Abstract: In this work we aim to solve a convex-concave saddle point problem, where the convex-concave coupling function is smooth in one variable and nonsmooth in the other and not assumed to be linear in either. The problem is augmented by a nonsmooth regulariser in the smooth component. We propose and investigate a novel algorithm under the name of OGAProx, consisting of an optimistic gradient ascent step in the smooth variable coupled with a proximal step of the regulariser, and which is alternated with a {proximal step} in the nonsmooth component of the coupling function. We consider the situations convex-concave, convex-strongly concave and strongly convex-strongly concave related to the saddle point problem under investigation. Regarding iterates we obtain (weak) convergence, a convergence rate of order $ \mathcal{O}(\frac{1}{K}) $ and linear convergence like $\mathcal{O}(\theta^{K})$ with $ \theta < 1 $, respectively.
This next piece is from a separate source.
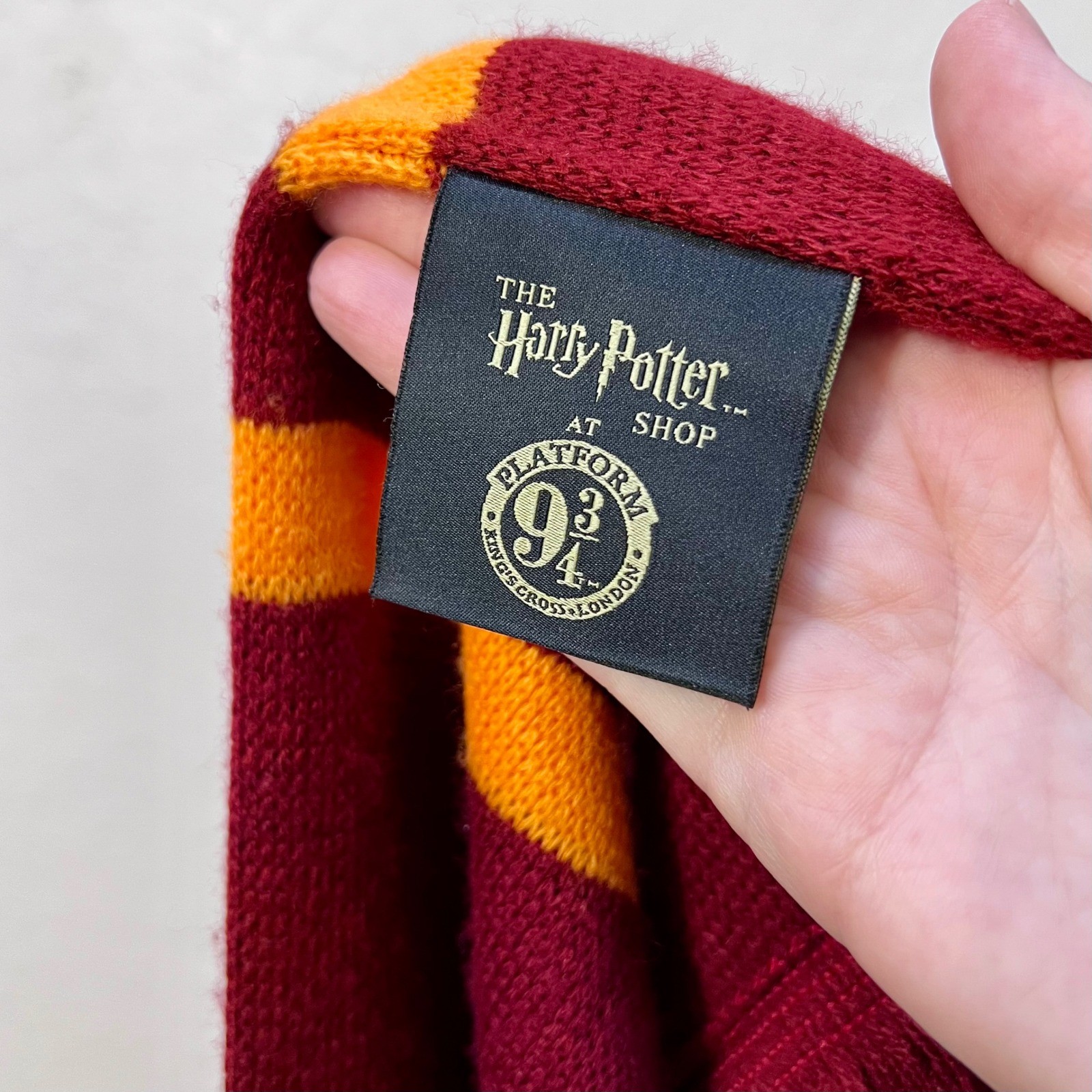 как выглядит Harry Potter Gryffindor Scarf Platform 9 3/4 Burgundy Gold Striped Knit Scarf фото

In terms of function values we obtain ergodic convergence rates of order $ \mathcal{O}(\frac{1}{K}) $, $ \mathcal{O}(\frac{1}{K^{2}}) $ and $ \mathcal{O}(\theta^{K}) $ with $ \theta < 1 $, respectively. We validate our theoretical considerations on a nonsmooth-linear saddle point problem, the training of multi kernel support vector machines and a classification problem incorporating minimax group fairness.